> **DATA PROVIDED**
☆ ☆ ☆ ☆ ☆ ☆ ☆

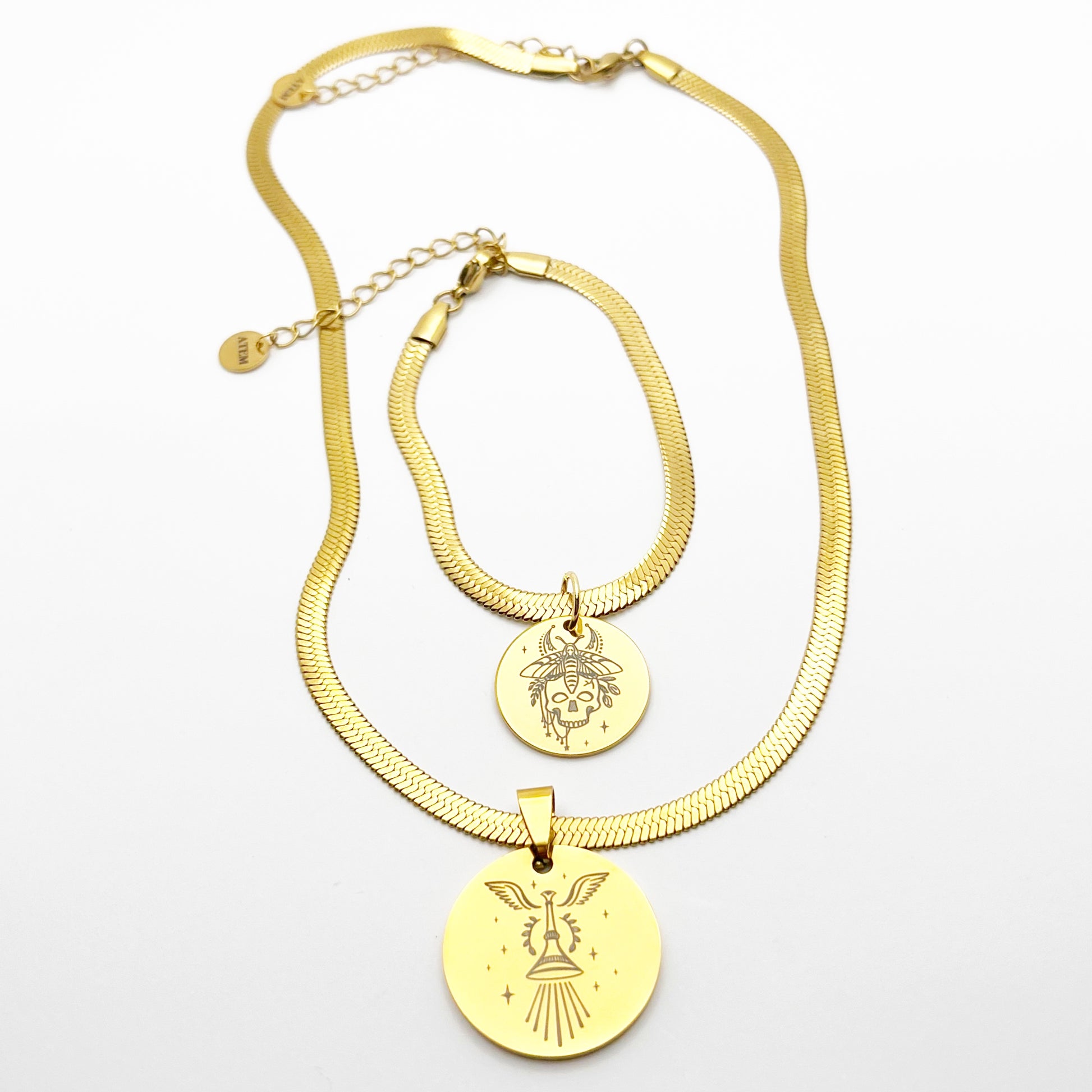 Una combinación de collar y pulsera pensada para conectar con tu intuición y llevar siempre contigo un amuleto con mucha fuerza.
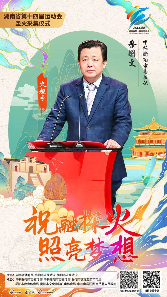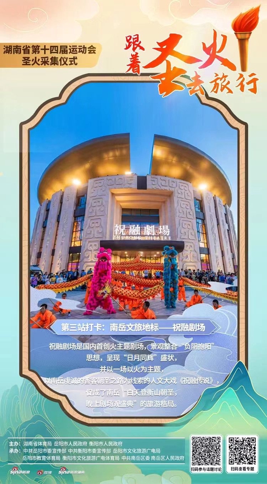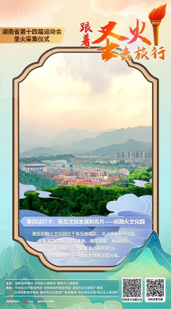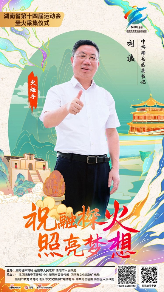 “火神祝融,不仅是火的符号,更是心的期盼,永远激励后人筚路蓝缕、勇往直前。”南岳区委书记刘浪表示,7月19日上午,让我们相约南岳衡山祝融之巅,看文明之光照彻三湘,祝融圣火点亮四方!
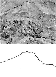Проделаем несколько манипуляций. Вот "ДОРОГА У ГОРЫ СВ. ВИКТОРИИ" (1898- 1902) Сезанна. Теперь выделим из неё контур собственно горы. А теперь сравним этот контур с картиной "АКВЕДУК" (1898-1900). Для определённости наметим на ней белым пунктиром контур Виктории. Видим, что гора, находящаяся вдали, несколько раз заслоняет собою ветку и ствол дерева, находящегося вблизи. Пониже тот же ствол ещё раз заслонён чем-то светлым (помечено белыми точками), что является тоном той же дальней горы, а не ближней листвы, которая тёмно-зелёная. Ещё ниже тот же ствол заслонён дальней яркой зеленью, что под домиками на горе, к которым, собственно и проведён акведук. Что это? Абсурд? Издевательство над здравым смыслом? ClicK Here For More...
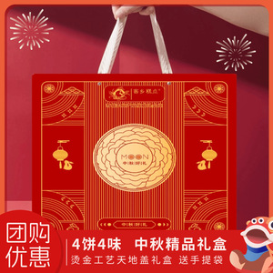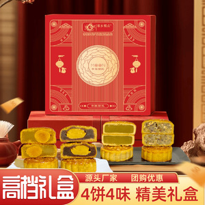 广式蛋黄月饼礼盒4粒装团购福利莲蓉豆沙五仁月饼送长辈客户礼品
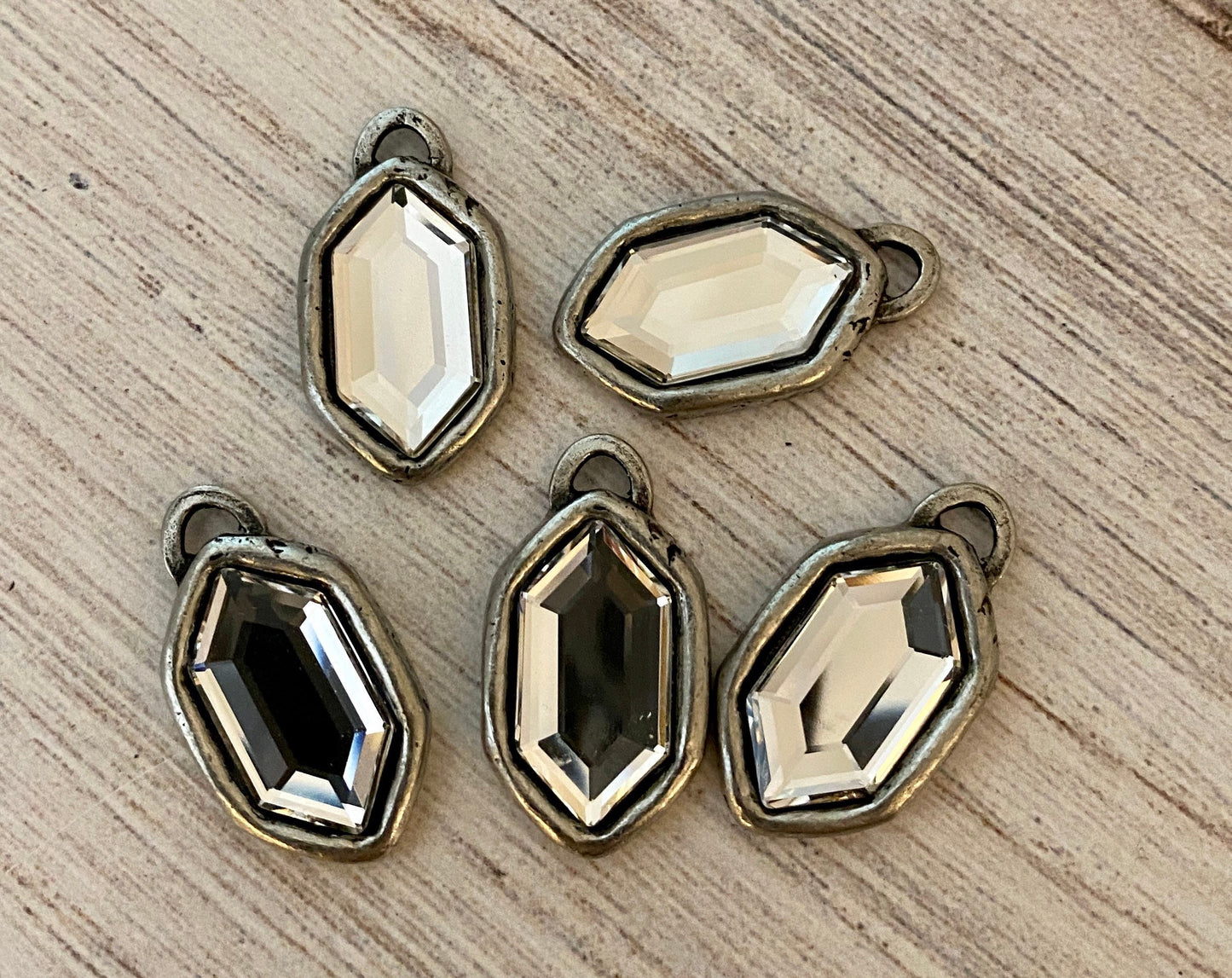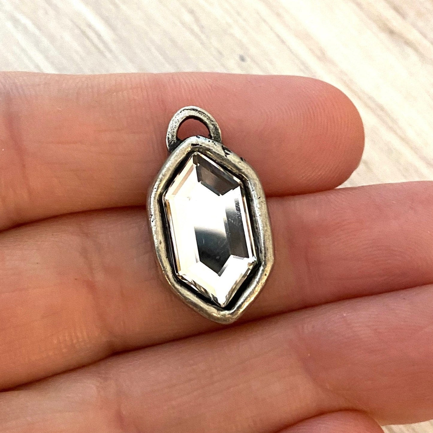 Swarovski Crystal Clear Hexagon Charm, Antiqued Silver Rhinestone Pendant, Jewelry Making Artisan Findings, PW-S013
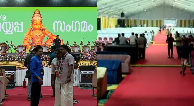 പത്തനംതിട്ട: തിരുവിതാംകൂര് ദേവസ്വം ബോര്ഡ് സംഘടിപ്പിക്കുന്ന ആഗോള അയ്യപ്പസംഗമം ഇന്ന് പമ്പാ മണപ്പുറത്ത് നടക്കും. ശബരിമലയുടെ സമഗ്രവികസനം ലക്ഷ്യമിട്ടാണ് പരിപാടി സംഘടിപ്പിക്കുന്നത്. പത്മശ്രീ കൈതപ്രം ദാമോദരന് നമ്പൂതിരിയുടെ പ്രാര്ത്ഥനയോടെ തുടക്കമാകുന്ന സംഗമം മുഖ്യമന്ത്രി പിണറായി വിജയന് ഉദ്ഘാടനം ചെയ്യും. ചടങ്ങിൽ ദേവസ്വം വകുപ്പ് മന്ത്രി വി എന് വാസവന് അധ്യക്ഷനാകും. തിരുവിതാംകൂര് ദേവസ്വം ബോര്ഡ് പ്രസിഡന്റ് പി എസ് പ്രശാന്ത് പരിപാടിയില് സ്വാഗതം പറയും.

☆ ☆ ☆ ☆ ☆ ☆ ☆

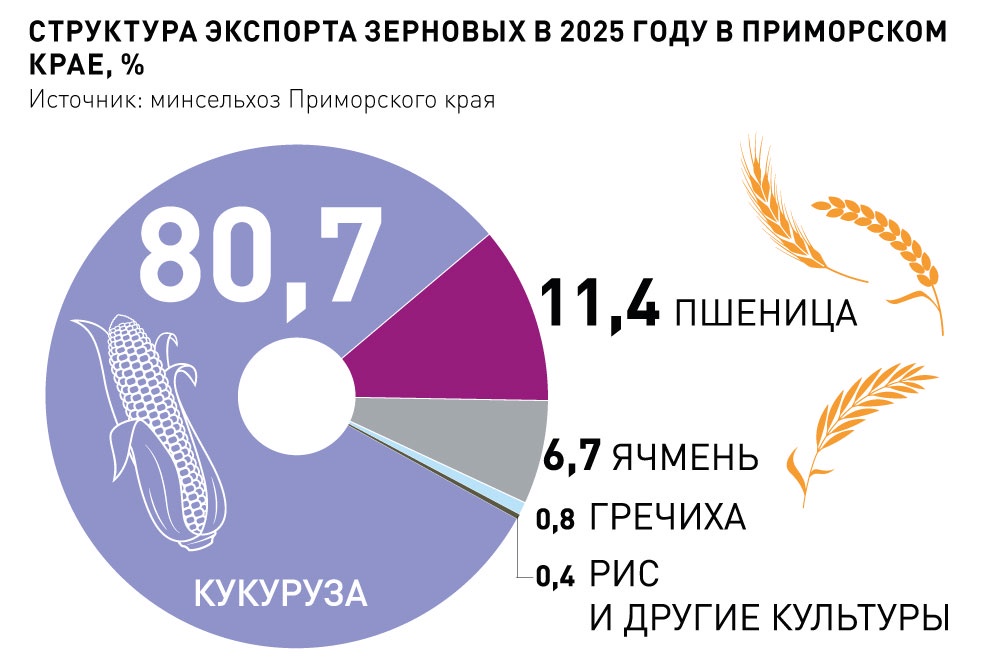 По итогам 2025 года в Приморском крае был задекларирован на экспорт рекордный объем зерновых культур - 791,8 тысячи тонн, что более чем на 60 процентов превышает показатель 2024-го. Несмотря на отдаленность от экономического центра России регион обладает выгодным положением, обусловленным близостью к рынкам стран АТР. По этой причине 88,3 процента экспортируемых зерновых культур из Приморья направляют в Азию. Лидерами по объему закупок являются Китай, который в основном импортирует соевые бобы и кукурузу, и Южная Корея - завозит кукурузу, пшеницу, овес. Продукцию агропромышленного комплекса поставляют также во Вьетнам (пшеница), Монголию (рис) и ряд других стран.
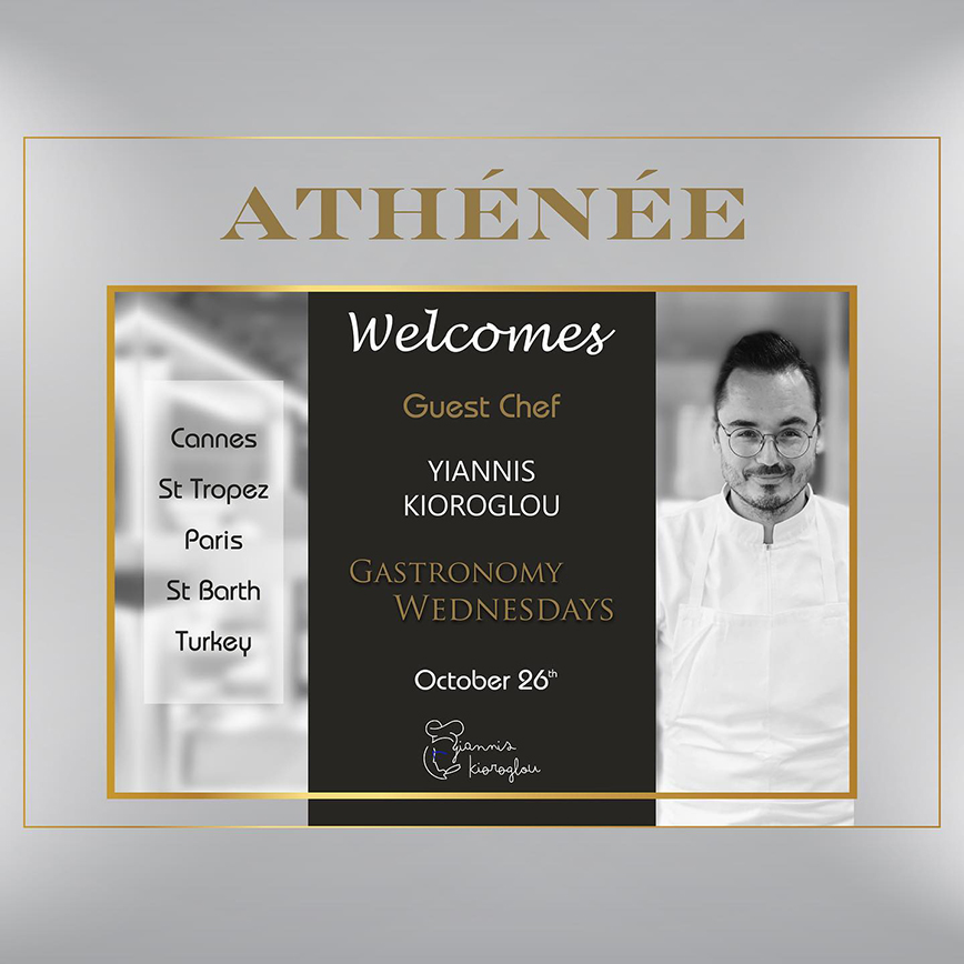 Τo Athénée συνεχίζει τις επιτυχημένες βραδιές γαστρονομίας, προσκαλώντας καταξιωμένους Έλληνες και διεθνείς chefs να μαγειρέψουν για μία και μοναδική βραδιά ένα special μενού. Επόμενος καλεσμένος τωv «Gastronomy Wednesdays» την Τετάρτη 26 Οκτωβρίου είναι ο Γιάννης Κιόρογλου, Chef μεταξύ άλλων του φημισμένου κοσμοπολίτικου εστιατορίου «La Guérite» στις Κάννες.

☆ ☆ ☆ ☆ ☆ ☆ ☆

> **HOW TO COMPLETE THIS TASK**
Pictures excluded, reproduce only the part above that opens with the line holding "По итогам 2025" and closes with the line holding "Τo Athénée συνεχίζει", exactly as written.

> **SOLUTION TO THIS EXERCISE**
 По итогам 2025 года в Приморском крае был задекларирован на экспорт рекордный объем зерновых культур - 791,8 тысячи тонн, что более чем на 60 процентов превышает показатель 2024-го. Несмотря на отдаленность от экономического центра России регион обладает выгодным положением, обусловленным близостью к рынкам стран АТР. По этой причине 88,3 процента экспортируемых зерновых культур из Приморья направляют в Азию. Лидерами по объему закупок являются Китай, который в основном импортирует соевые бобы и кукурузу, и Южная Корея - завозит кукурузу, пшеницу, овес. Продукцию агропромышленного комплекса поставляют также во Вьетнам (пшеница), Монголию (рис) и ряд других стран.
 Τo Athénée συνεχίζει τις επιτυχημένες βραδιές γαστρονομίας, προσκαλώντας καταξιωμένους Έλληνες και διεθνείς chefs να μαγειρέψουν για μία και μοναδική βραδιά ένα special μενού. Επόμενος καλεσμένος τωv «Gastronomy Wednesdays» την Τετάρτη 26 Οκτωβρίου είναι ο Γιάννης Κιόρογλου, Chef μεταξύ άλλων του φημισμένου κοσμοπολίτικου εστιατορίου «La Guérite» στις Κάννες.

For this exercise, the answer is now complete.